Né à Bâle en 1951, Simon de Pury a étudié à l’Académie des Beaux-Arts à Tokyo dans les années 1970 avec pour ambition initiale de devenir artiste. Il travaille dans un premier temps à Berne, chez Kornfeld & Klipstein, puis étudie à l’institut Sotheby’s. Il collabore ensuite pour la vénérable maison à Londres, Genève et Monte Carlo. Durant les années 80, il expose notamment la célèbre collection Thyssen-Bornemisza à Lugano.

En 1986, il devient président de Sotheby’s pour la Suisse, puis pour l’Europe.

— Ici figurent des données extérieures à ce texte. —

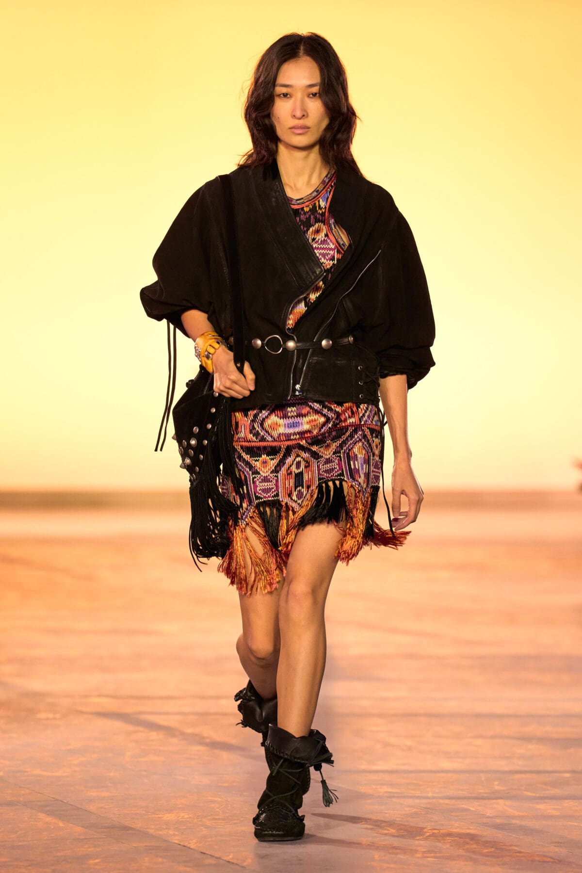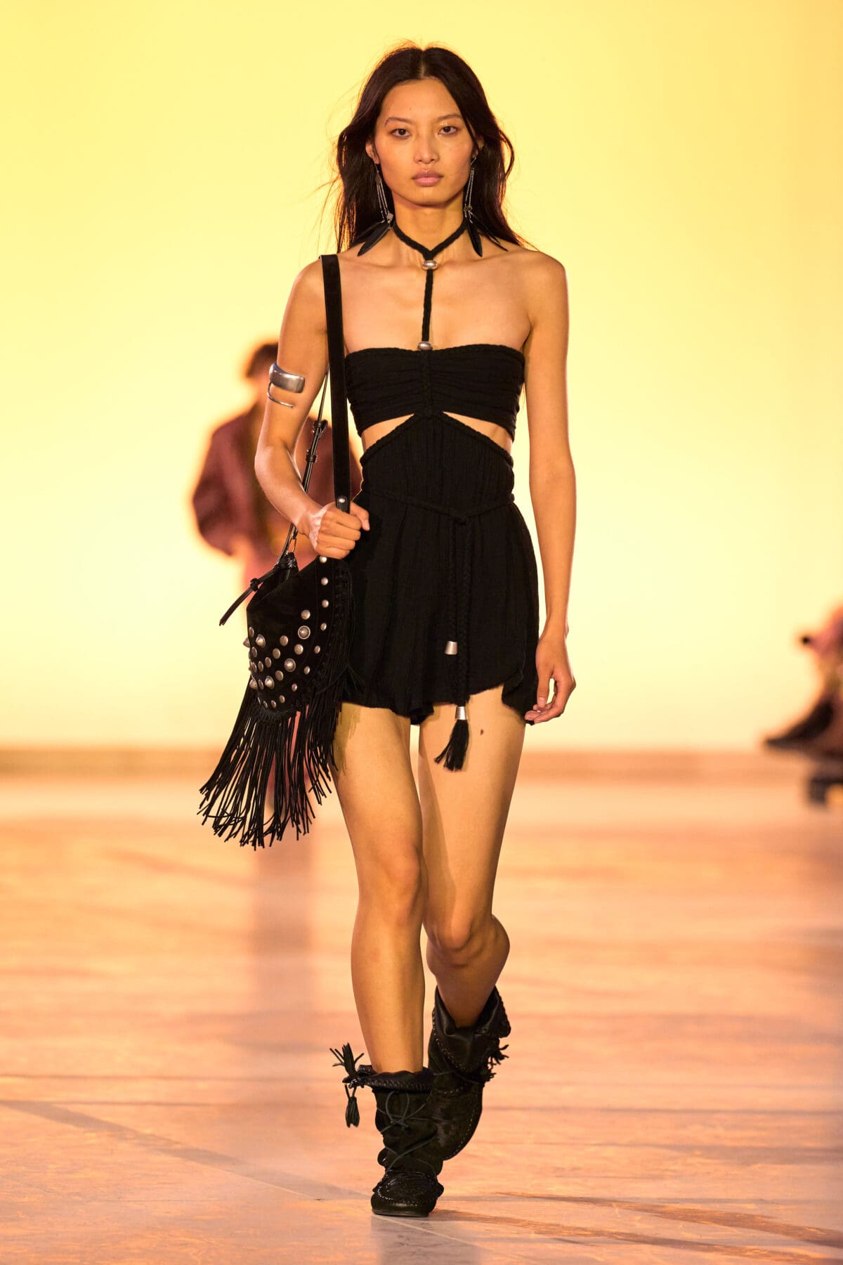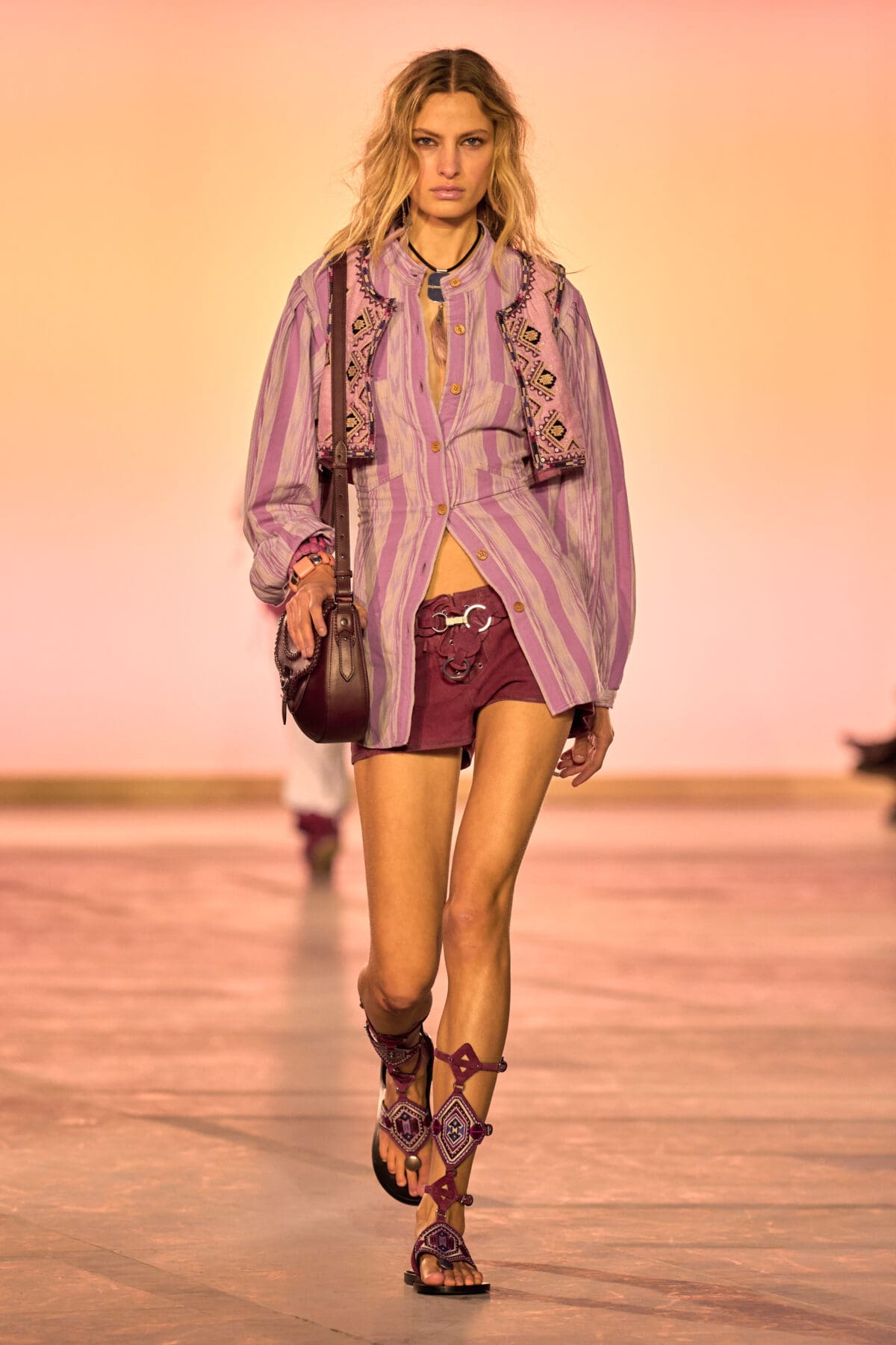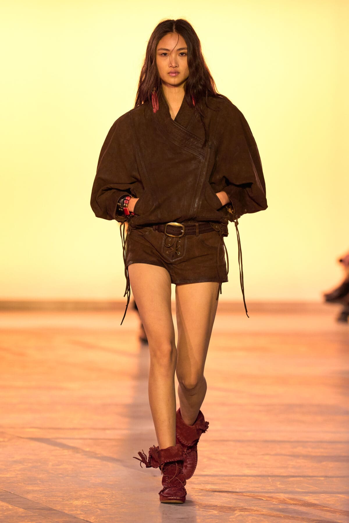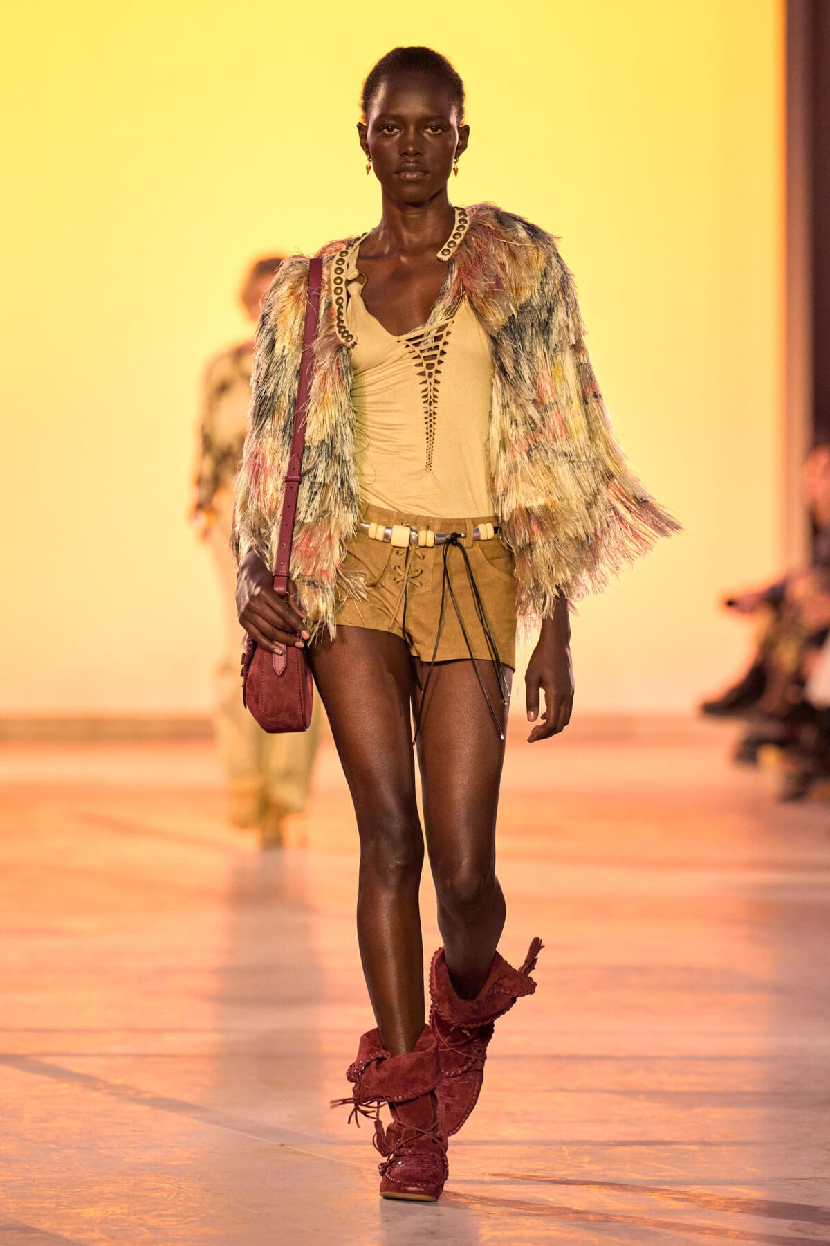 在Isabel Marant 2025春夏系列,你會看到許多精緻的編織和刺繡,色彩繽紛的絲綢印花短裙、黑灰色牛仔外套、鉚釘黑色皮短褲,還有大量的麂皮與皮革,其中更以羽毛般的流蘇點綴,這些都是Isabel Marant非常標誌性的元素,此外,平底靴、麂皮嬉皮風格的肩背袋、金色手鐲⋯⋯透出一種具力量的女性氣質,以及一種波希米亞融合龐克風格的影響。

Au cours de la décennie suivante, il dirige les plus importantes ventes de la société en Europe, dont les Thurn und Taxis à Genève et à Regensburg, les Margrave à Baden-Baden et toutes les grandes ventes impressionnistes de New York.

En 1997 il fonde, avec Daniella Luxembourg, la société de conseils techniques de Pury & Luxembourg Art, basée à Genève. En 2001, l’entreprise fusionne avec Phillips et se spécialise dans la vente d’impressionnistes, d’art moderne et contemporain, de bijoux, de photographie et d’arts décoratifs du XXè et XXIè siècles. En 2004, il devient l’actionnaire majoritaire de Phillips de Pury & Company.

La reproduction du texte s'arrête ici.